A simple approach can be HardwareAge+OSAge+Risk+userimpact+financialimpact-DR resilience<10.
Why?
Well, as hardware ages, it requires updates but also may require replacement parts. As the parts become less available, the risk to the system is difficult and can be frustrating. If you virtualize you should consider the virtual strategy to be part of the same equation, but in the case of the system, your hardware age is always 1 as the virtual system then becomes the necessary upgrade.
The operating system can become a nightmare as its age goes up since it will develop more and more security risks. If it is end of life and not being supported anymore, you are instantly at major risk and need to find a solution. We often forget the Operating system and it is the source of much of what we do, and in most programs the foundation for doing work at all.
Risk can be a massive discussion on its own, but in this case let us consider risk as regulatory or agency risk as the whole equation is about risk indirectly. So consider risk from 0-5 where five is the greatest controlled items and regulatory work, like HIPAA, and zero is no risk at all.
For user impact and financial impact this is subjective but rate the impact from 0-3 where 0 is no impact at all, and 3 is high impact.
Disaster resilience can subtract from your score by creating situations where you can be back online quickly without as much risk of downtime. This can be achieved through programs that bring your system back online quickly. Using a virtual machine and a solution like Datto can get you back online quickly even in the event of a total loss, creating a lowering of overall risk.
This is not a hard rule and it is something I worked out to explain to people the risks associated with systems in a simple manner. A good technology professional would look at this and say it is a start, but there is a lot more to it, but this will let you know where to start. If you come up with a number greater than 10, it is definitely time to start talking to someone. If we take the example, we had previously. We get these numbers:
15+16+5+3+3-1=42
Every increment beyond 10 should have been a red flag, and in this case the DR resilience could have been 1, and still it would have been bad.

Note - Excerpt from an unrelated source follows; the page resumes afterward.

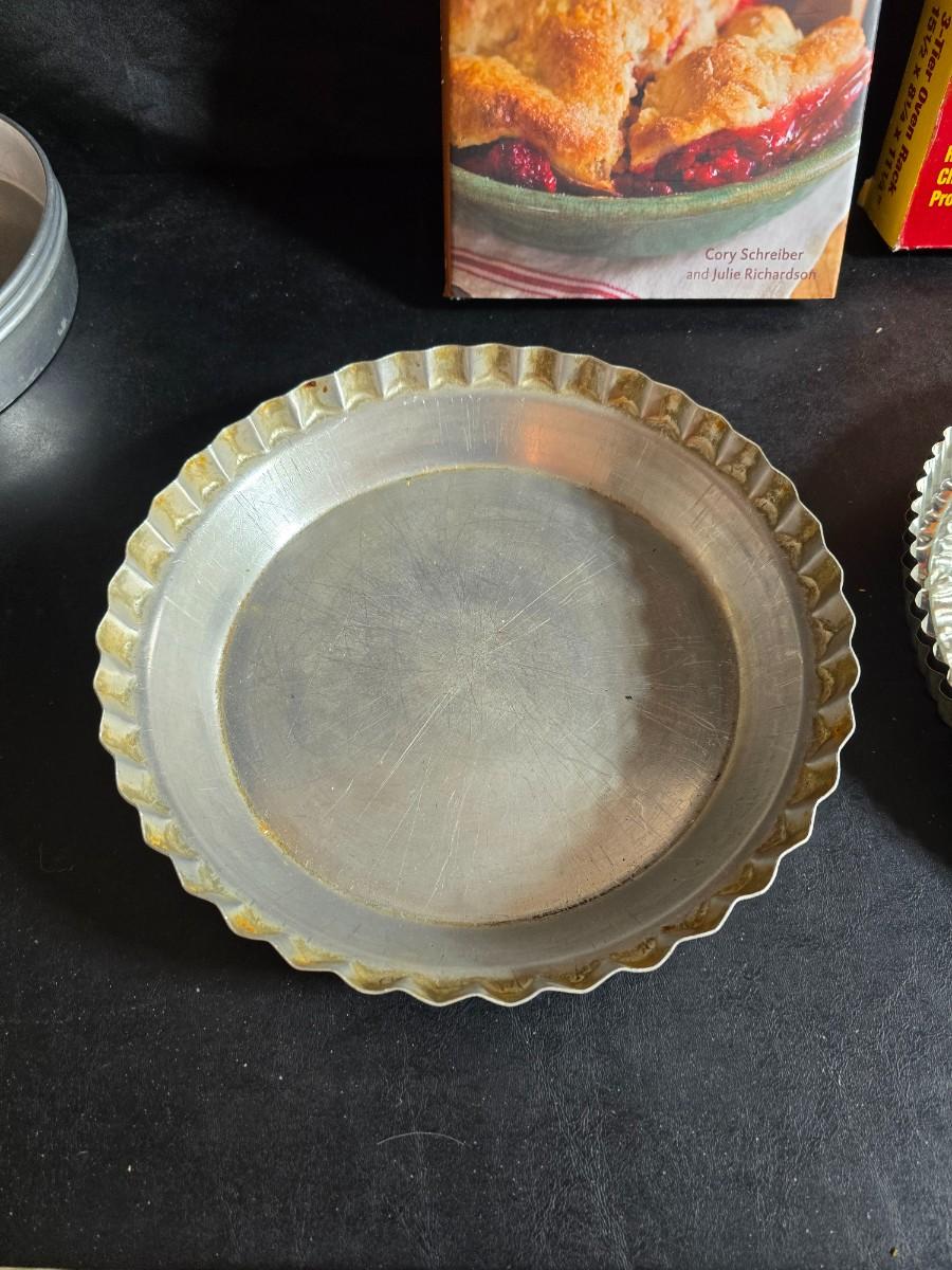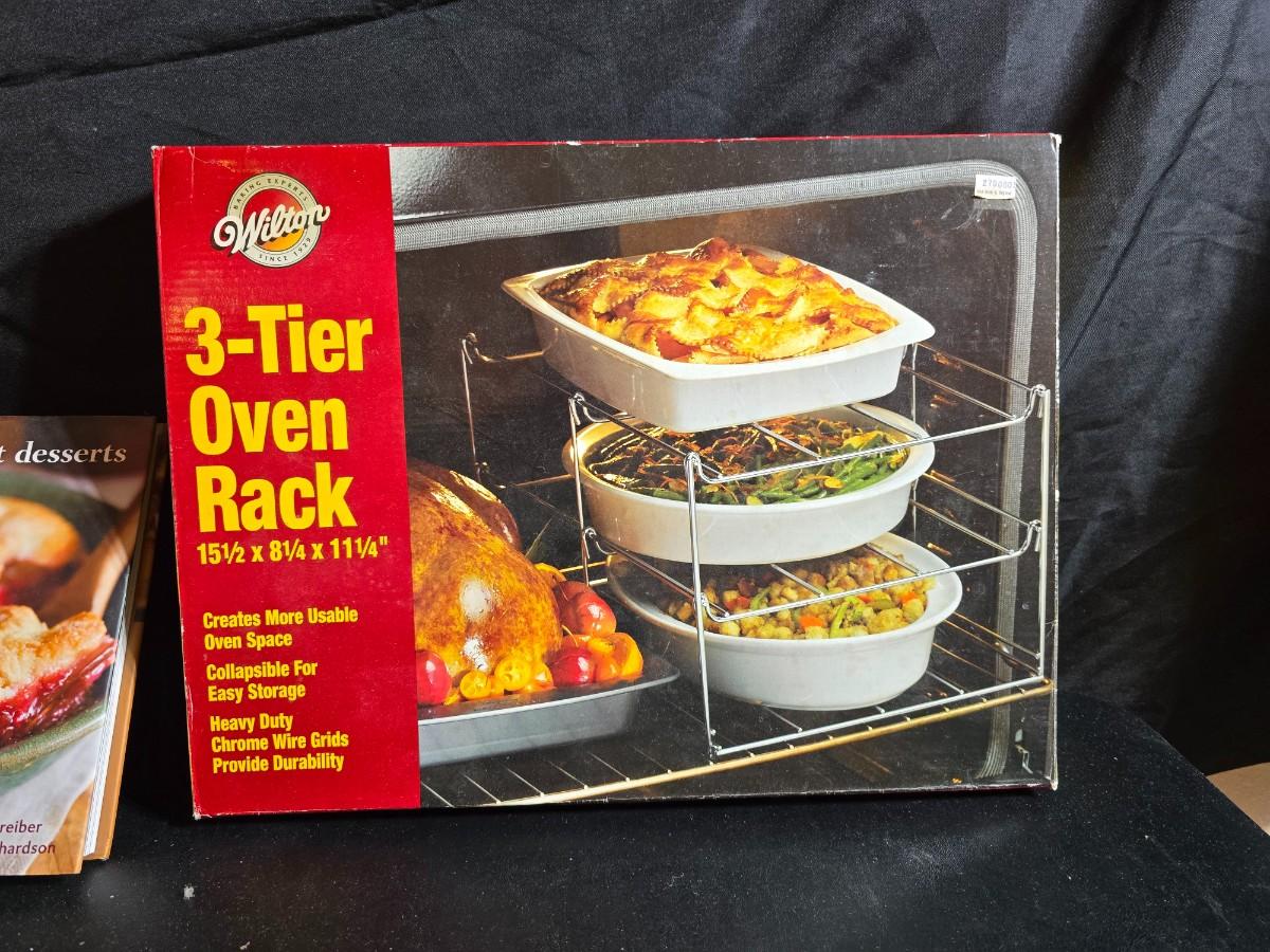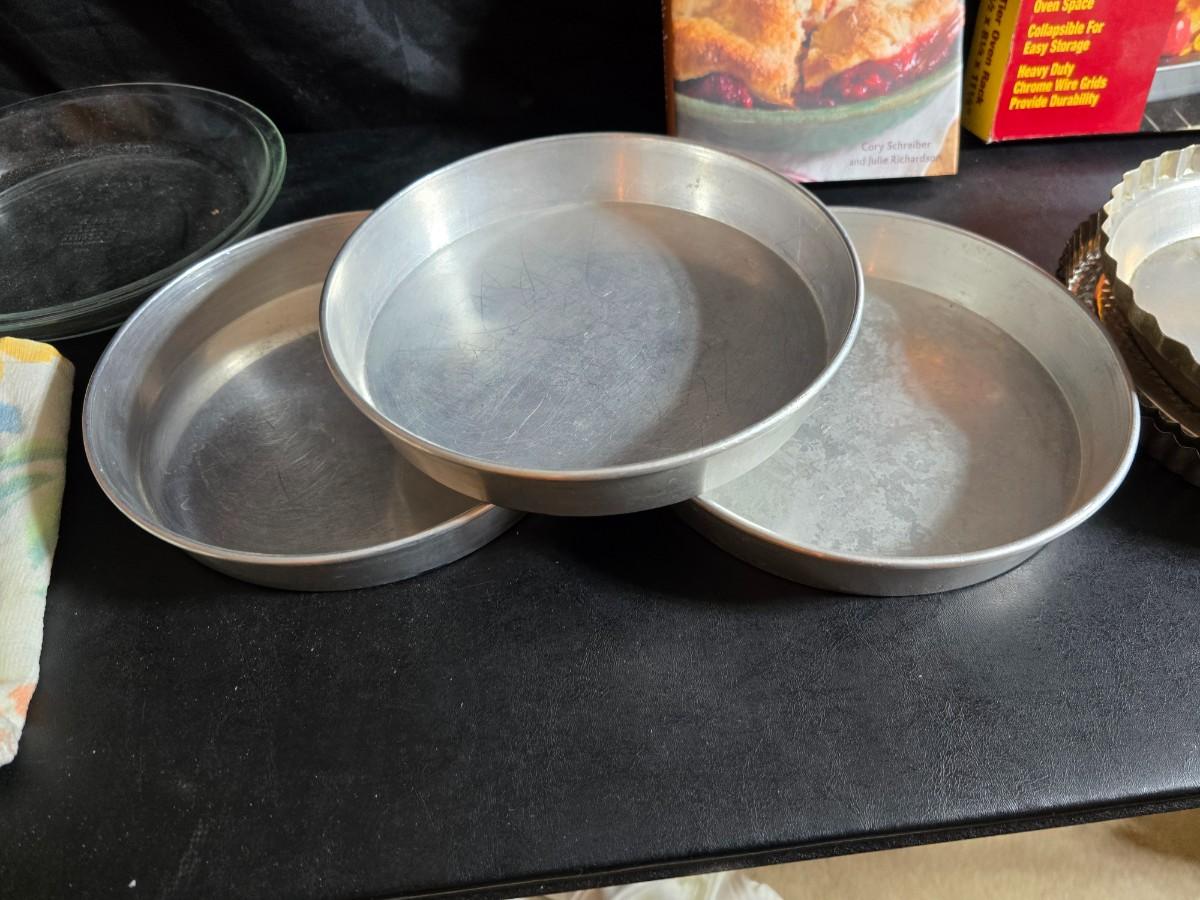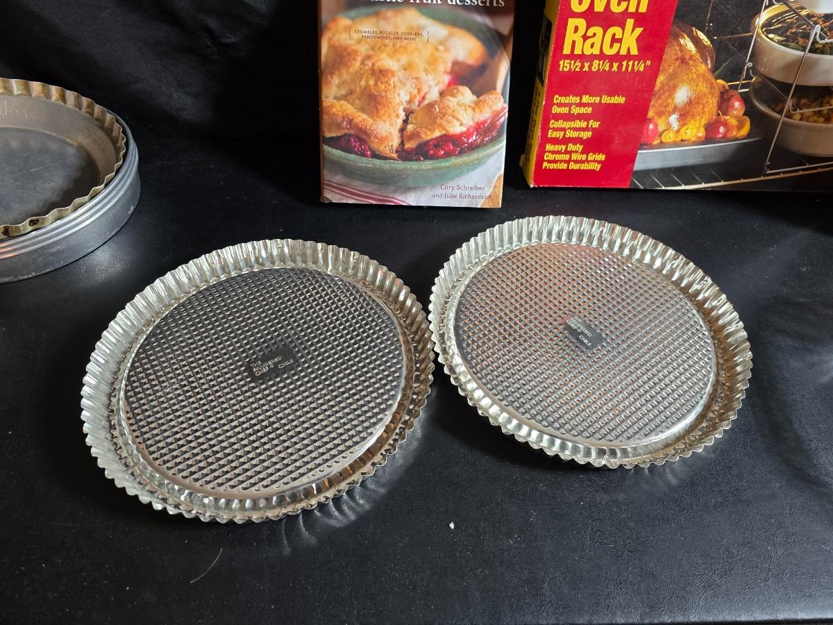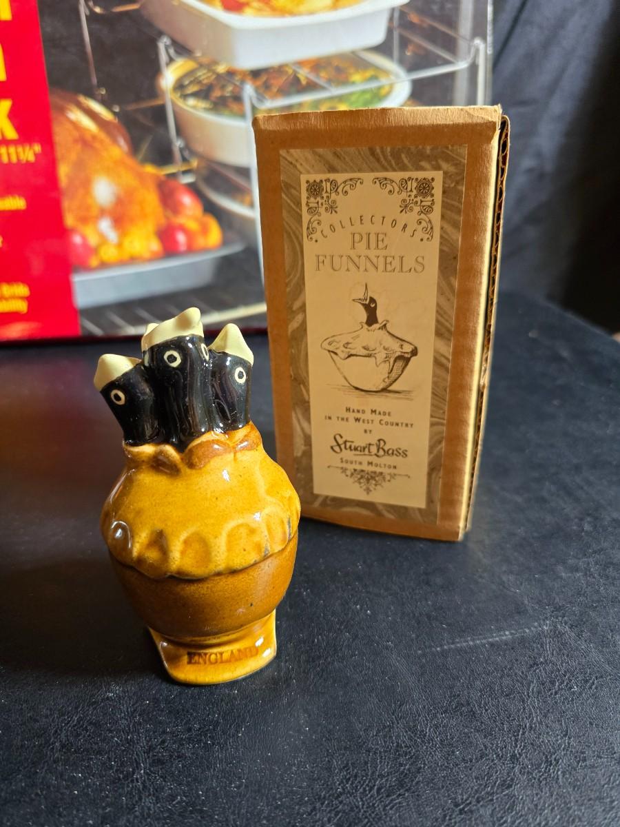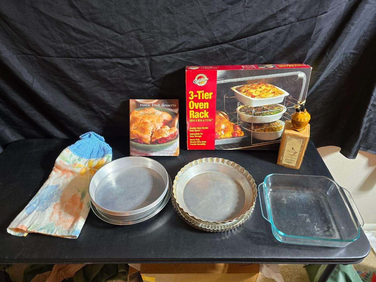 Stuart Bass three-blackbird pie funnel - Wilton 3-tier baking rack - a variety of pie pans and a cookbook

This is still just a guess. It is just as valid to measure supportability and availability with no equation. As the number of people who can support a system dwindles, it builds risk quickly whether the system is high risk or not. Multiple times, I have been put in the position of finding a way into a system that no one knows a password to and no one knows how to repair. If your support is single threaded, it is time to replace the software, the hardware or both.
It is also important to look closely at what vendors say to you. Obviously, there is no guarantee on any system but when you are not given an ETA or an escalation path in case of an outage, you are skirting with downtime, and potential costs associated with such.
Remember, if a system is not critical, will cost no time, will not be missed, has no critical or useful data on it, and can be gone forever with no impact on you or your business, then maybe it is OK to keep a very old system. I am sure there are some exceptions as well, where a piece of software would cost a lot to upgrade and the upgrade is avoided, but in the end if you have these systems and say, “If it ain’t broke, don’t fix it” maybe those machines should be shut down anyway and new solutions found to really help business.